21.1 Resistors in Series and Parallel

Resistor circuits are the building blocks of electrical systems. They come in two main configurations: series and parallel. Each type affects voltage, current, and resistance differently, and understanding how they work is essential for analyzing any DC circuit.

Ohm's law ties voltage, current, and resistance together, while the rules for combining resistors differ between series and parallel setups. Once you've got these principles down, you can break apart even complex circuits into manageable pieces.

Resistor Circuits

Circuits with resistors

Series circuits connect resistors end-to-end so that current flows through each one in sequence. Think of old-style Christmas lights strung on a single loop of wire. Because there's only one path, the same current passes through every resistor. Each resistor causes a voltage drop, and those drops add up to the total source voltage.

Parallel circuits connect resistors side-by-side, giving current multiple paths to follow. Home wiring works this way: every outlet sees the full 120 V regardless of what's plugged in elsewhere. The voltage across each branch is the same, but the current splits among the branches. The total current drawn from the source is the sum of the branch currents.

Ohm's law for voltage drops

Ohm's law relates voltage, current, and resistance:

$V = IR$

• $V$ = voltage (volts, V)
• $I$ = current (amperes, A)
• $R$ = resistance (ohms, Ω)

In a series circuit, current is the same through every resistor, so you apply Ohm's law to each one individually:

• $V_1 = IR_1$, $V_2 = IR_2$, and so on
• The voltage drops must add up to the source voltage: $V_{source} = V_1 + V_2 + \dots + V_n$

In a parallel circuit, voltage is the same across every branch, so you use Ohm's law to find each branch current:

• $I_1 = V/R_1$, $I_2 = V/R_2$, and so on
• The branch currents add up to the total current: $I_{total} = I_1 + I_2 + \dots + I_n$

Resistance calculation in series vs parallel

Series: Total (equivalent) resistance is the straight sum of individual resistances.

$R_{total} = R_1 + R_2 + \dots + R_n$

This makes intuitive sense: the current has to push through each resistor one after another, so every resistor adds to the total opposition.

Parallel: The reciprocals of the individual resistances add up to the reciprocal of the total resistance.

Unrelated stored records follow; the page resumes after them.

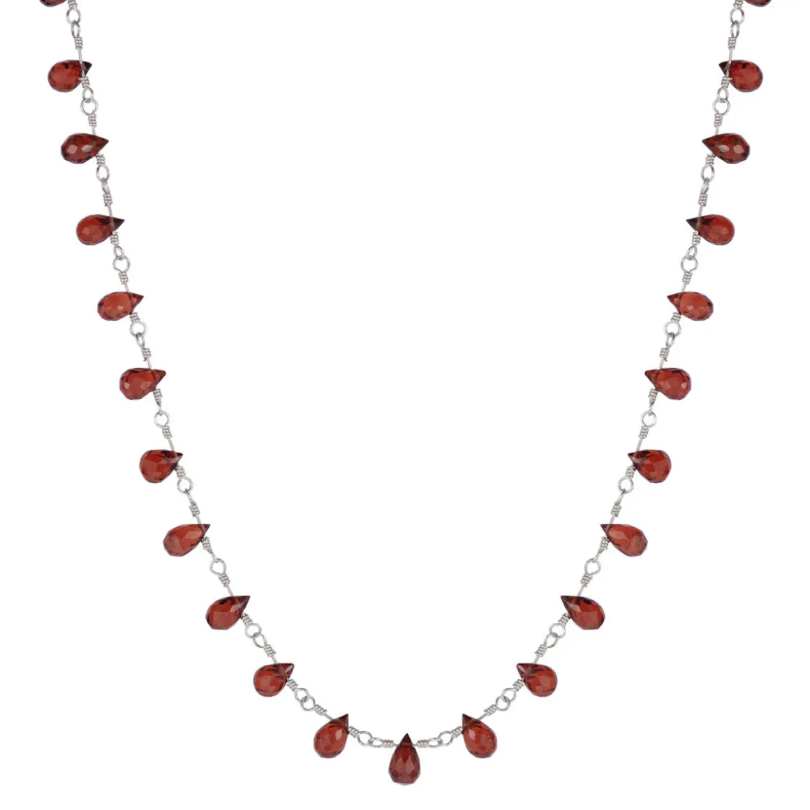 These sparkling, faceted garnet briolettes are wire wrapped together to form a simple necklace that makes a strong color statement. The necklace is available in 18″ lengths with a hook and eye closure.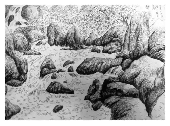 素描山水河流
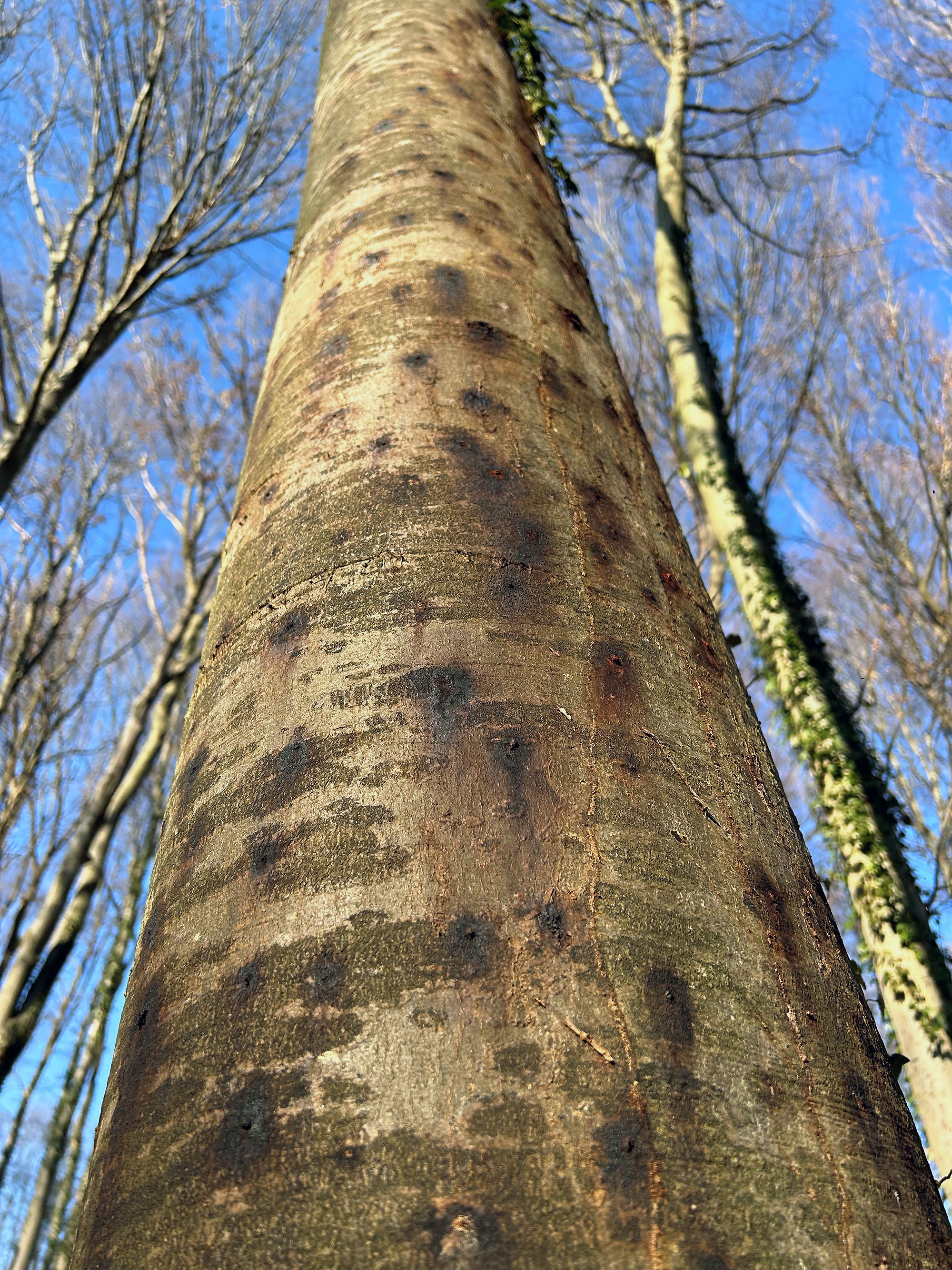 Im letzten Jahr wurde im Zusammenhang mit deutlichen Vitalitätseinbußen örtlich auch der Kleine Buchenborkenkäfer in einem außergewöhnlich starken Ausmaß festgestellt (Abb. 9). Auch über ganz Baden-Württemberg hat das aufgrund von Insektenbefall verbuchte Schadholz in 2022 zugenommen. Daran ist Beobachtungen auf Monitoringflächen zufolge mit wechselnden Anteilen auch der Buchenprachtkäfer beteiligt. Insgesamt bleibt hier abzuwarten, ob die notwendigen Abwehrkräfte der Buchen bei besseren meteorologischen Wuchsbedingungen in diesem Jahr einen weiteren Aufbau der vorhandenen Populationen rindenbrütender Käfer verhindern können. Insgesamt ist das gravierende und besorgniserregende Ausmaß der Vitalitätseinbußen auch bei der bisher gemeinhin als vergleichsweise stabil eingestuften Buche unverkennbar.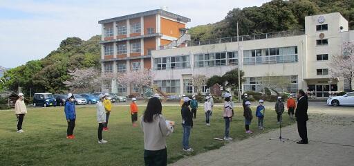 新型コロナウイルス感染症対応のため、場所を運動場に変更して、マスク着用の上、間を空けて整列しました。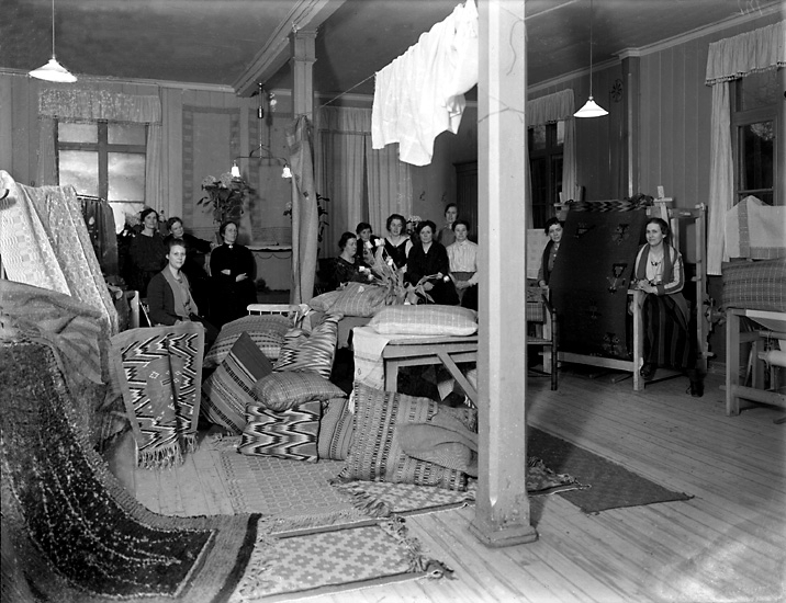 Enligt tidigare notering: "Interiör, vävskola. Utställning av textilier"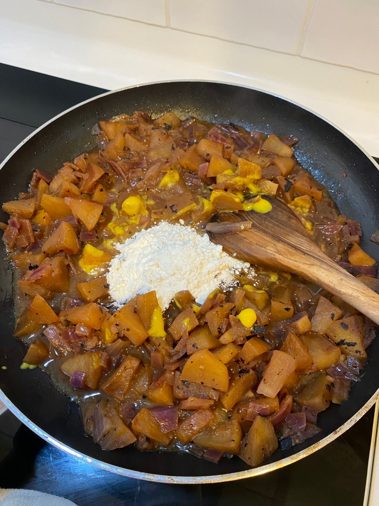 時間到開鍋蓋,這時蘋果丁和洋蔥丁已經變得很軟綿,倒入兩匙麵粉、黃芥末、鮮奶、乾燥義式香料,攪拌均勻成濃稠狀。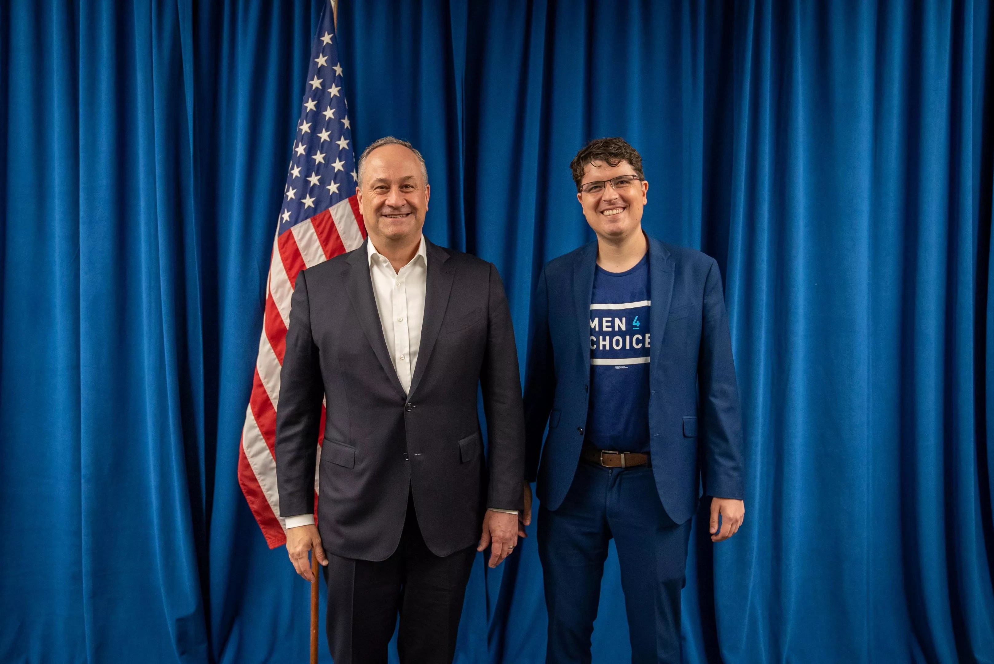 Second gentleman Doug Emhoff (left) and Men4Choice deputy executive director Aaron Bos-Lun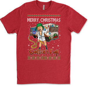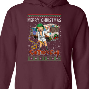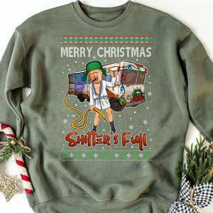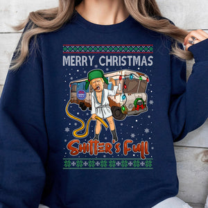 This Christmas-themed sweatshirt features a humorous design inspired by the iconic "National Lampoon's Christmas Vacation" movie scene, with a twist. The central character resembles Donald Trump, dressed in a white robe, green hat, and boots, holding a yellow hose with a comical expression. Behind him is a festive RV decorated with Christmas lights, snowflakes, and other holiday details, as well as a “Harris-Walz” 2024 bumper sticker. Above the character, the phrase "MERRY CHRISTMAS" is displayed in a knit-style font, while below it is the phrase "Shitter's Full" in bold red letters, creating a funny, irreverent holiday look. The design is framed with classic Christmas sweater patterns at the top and bottom, adding to the festive, retro aesthetic.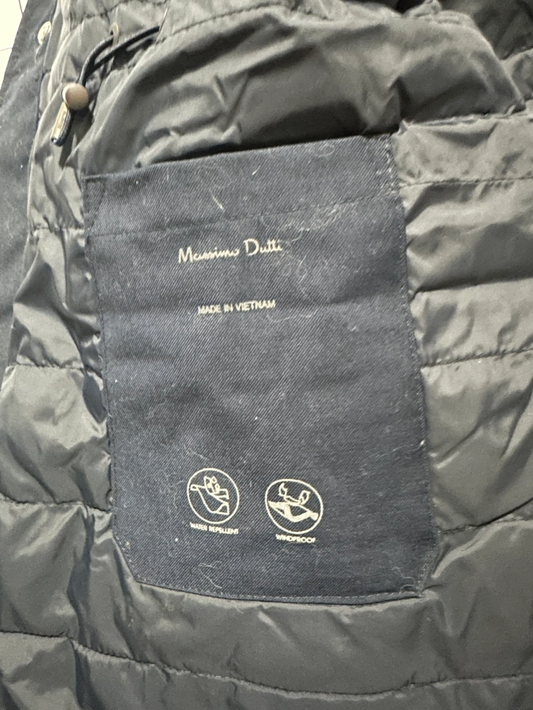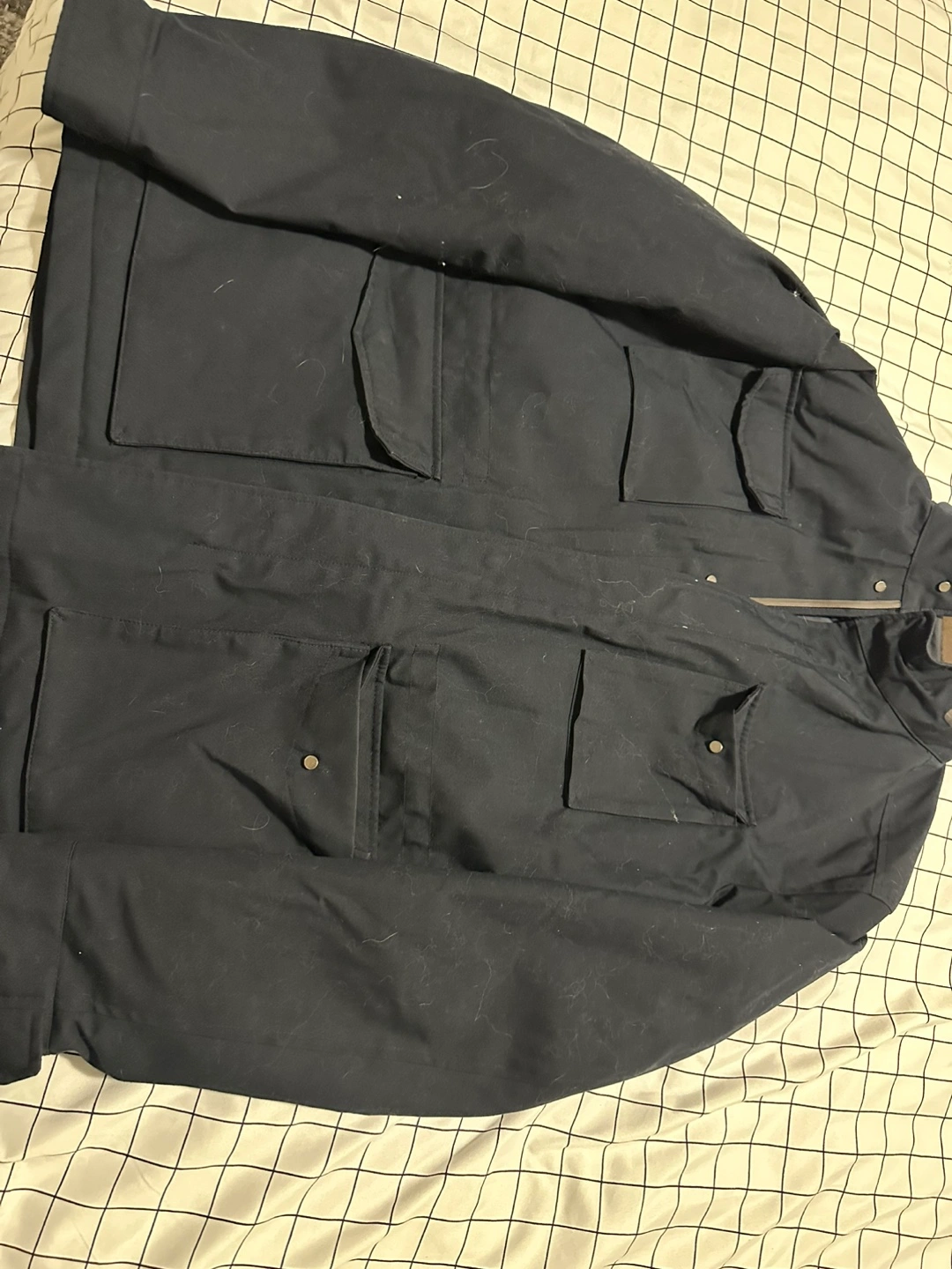 Blue navy jacket. Water repellent and windproof. Has multiple pockets and a hoodie inside the zipper.

$\frac{1}{R_{total}} = \frac{1}{R_1} + \frac{1}{R_2} + \dots + \frac{1}{R_n}$

Why reciprocals? In parallel, you're really adding conductances (the ease of current flow, $G = 1/R$). More paths mean more total conductance, which means less total resistance. The total resistance of a parallel combination is always less than the smallest individual resistor in the group.

Parallel circuits and total resistance

Each resistor you add in parallel opens another path for current. More paths means less overall opposition, so the equivalent resistance drops.

Here's a concrete example with two 10 Ω resistors in parallel:

1. Write the reciprocal formula: $\frac{1}{R_{total}} = \frac{1}{10} + \frac{1}{10} = \frac{2}{10}$
2. Flip to get $R_{total}$: $R_{total} = \frac{10}{2} = 5 \; \Omega$

The result (5 Ω) is half of either individual resistor. For the special case of two resistors in parallel, there's a handy shortcut:

$R_{total} = \frac{R_1 \cdot R_2}{R_1 + R_2}$

This "product over sum" formula saves time and avoids the reciprocal step when you only have two resistors.

Complex circuit resistance calculations

Most real circuits mix series and parallel sections. The strategy is to simplify from the inside out:

1. Identify which resistors are in series and which are in parallel.
2. Reduce parallel groups first using the reciprocal formula. For example, if $R_4$ and $R_5$ are in parallel: $\frac{1}{R_{parallel}} = \frac{1}{R_4} + \frac{1}{R_5}$
3. Replace that parallel group with its single equivalent resistance.
4. Add series resistances that are now in a straight line: $R_{series} = R_1 + R_2 + R_{parallel}$
5. Repeat steps 1-4 until the entire circuit is reduced to one equivalent resistance.

Once you have the single equivalent resistance, use $V = IR$ with the source voltage to find the total current. Then work back outward through the circuit to find individual voltage drops and branch currents.

Circuit Analysis Principles

Kirchhoff's Current Law (KCL): The total current entering any junction equals the total current leaving it. This is just conservation of charge: charge can't pile up at a point in the wire.

Kirchhoff's Voltage Law (KVL): The sum of all voltage gains and drops around any closed loop in a circuit equals zero. This is conservation of energy: a charge that travels around a complete loop returns to the same potential it started at.

Power dissipation in a resistor is calculated with:

$P = I^2 R$

Power is measured in watts (W). You can also write equivalent forms using Ohm's law: $P = IV$ or $P = V^2/R$.

A few terms worth knowing:

• Branch current: the current flowing through one specific path in a parallel circuit.
• Junction (or node): a point where three or more conductors meet. This is where you apply KCL.